=== What the exercise asks ===
Copy the listing as it is written, and leave each picture out.

=== Collected material ===
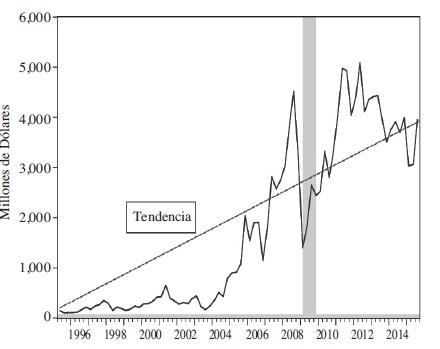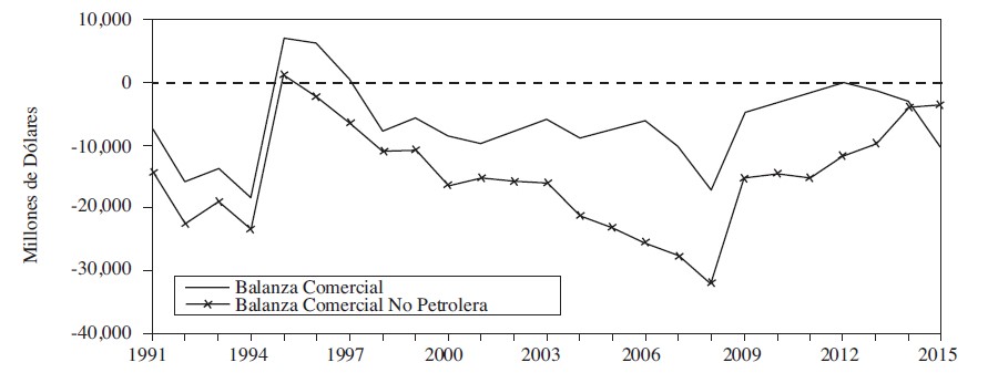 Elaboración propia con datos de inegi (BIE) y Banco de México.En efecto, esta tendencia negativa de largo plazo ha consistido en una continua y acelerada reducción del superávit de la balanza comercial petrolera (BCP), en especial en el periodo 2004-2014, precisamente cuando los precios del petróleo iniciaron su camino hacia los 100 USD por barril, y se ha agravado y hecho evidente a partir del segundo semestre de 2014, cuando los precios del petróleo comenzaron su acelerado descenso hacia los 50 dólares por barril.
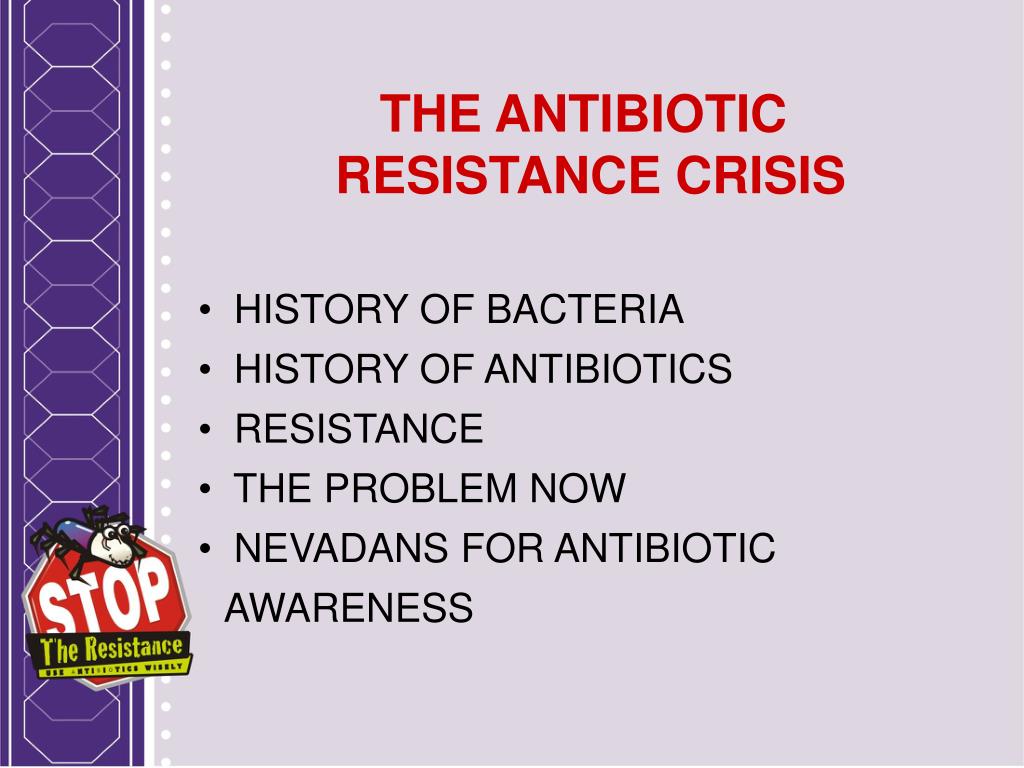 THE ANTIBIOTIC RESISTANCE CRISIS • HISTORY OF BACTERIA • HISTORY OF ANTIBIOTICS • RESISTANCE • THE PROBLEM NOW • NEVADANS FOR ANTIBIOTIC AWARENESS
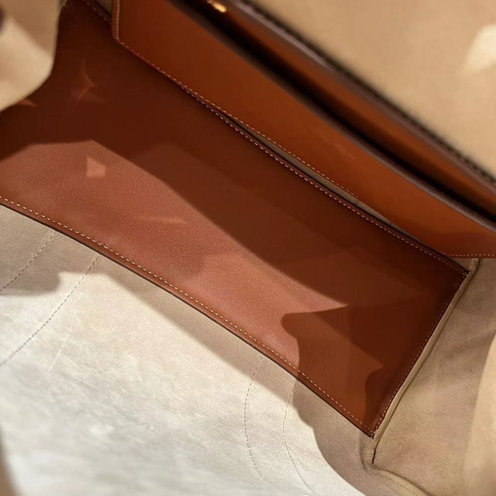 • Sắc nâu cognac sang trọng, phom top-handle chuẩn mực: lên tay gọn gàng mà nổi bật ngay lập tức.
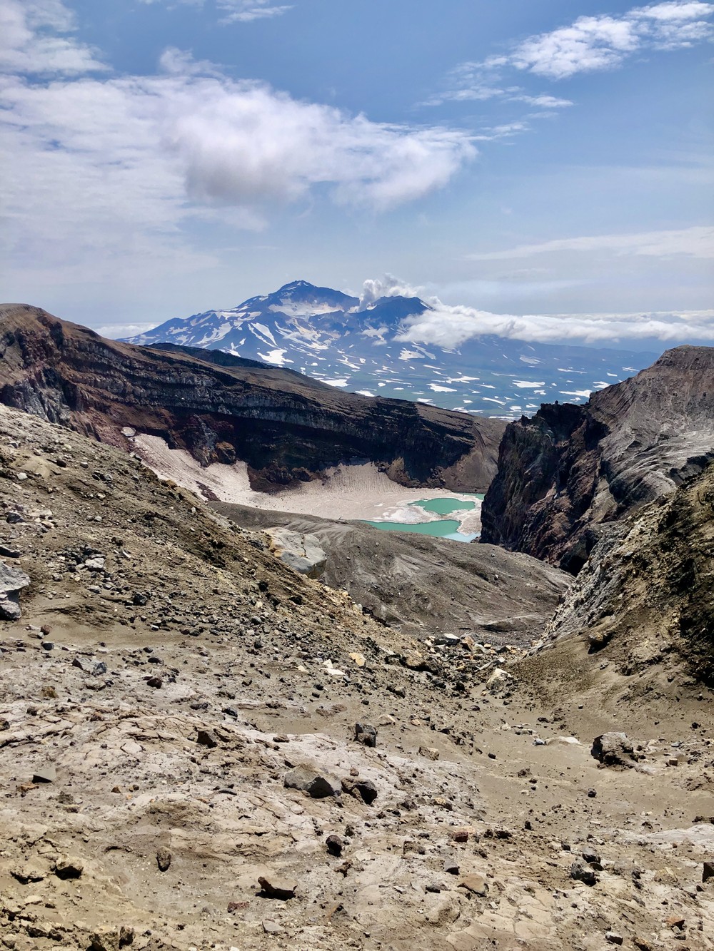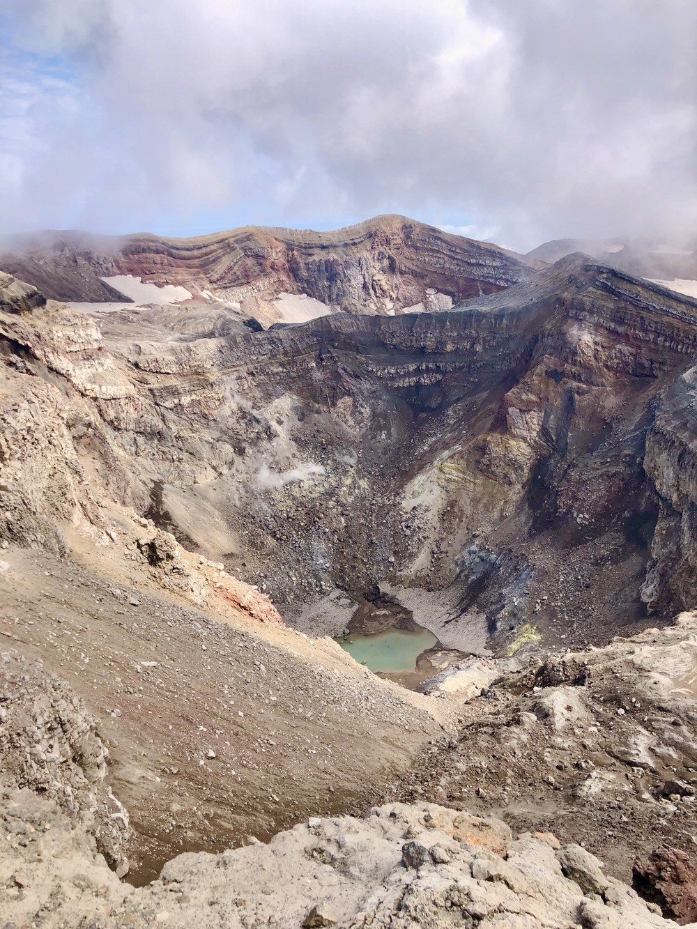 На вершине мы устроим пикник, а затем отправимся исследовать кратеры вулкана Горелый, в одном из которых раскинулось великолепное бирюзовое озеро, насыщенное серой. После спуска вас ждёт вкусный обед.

=== Exercise solution ===
 Elaboración propia con datos de inegi (BIE) y Banco de México.En efecto, esta tendencia negativa de largo plazo ha consistido en una continua y acelerada reducción del superávit de la balanza comercial petrolera (BCP), en especial en el periodo 2004-2014, precisamente cuando los precios del petróleo iniciaron su camino hacia los 100 USD por barril, y se ha agravado y hecho evidente a partir del segundo semestre de 2014, cuando los precios del petróleo comenzaron su acelerado descenso hacia los 50 dólares por barril.
 THE ANTIBIOTIC RESISTANCE CRISIS • HISTORY OF BACTERIA • HISTORY OF ANTIBIOTICS • RESISTANCE • THE PROBLEM NOW • NEVADANS FOR ANTIBIOTIC AWARENESS
 • Sắc nâu cognac sang trọng, phom top-handle chuẩn mực: lên tay gọn gàng mà nổi bật ngay lập tức.
 На вершине мы устроим пикник, а затем отправимся исследовать кратеры вулкана Горелый, в одном из которых раскинулось великолепное бирюзовое озеро, насыщенное серой. После спуска вас ждёт вкусный обед.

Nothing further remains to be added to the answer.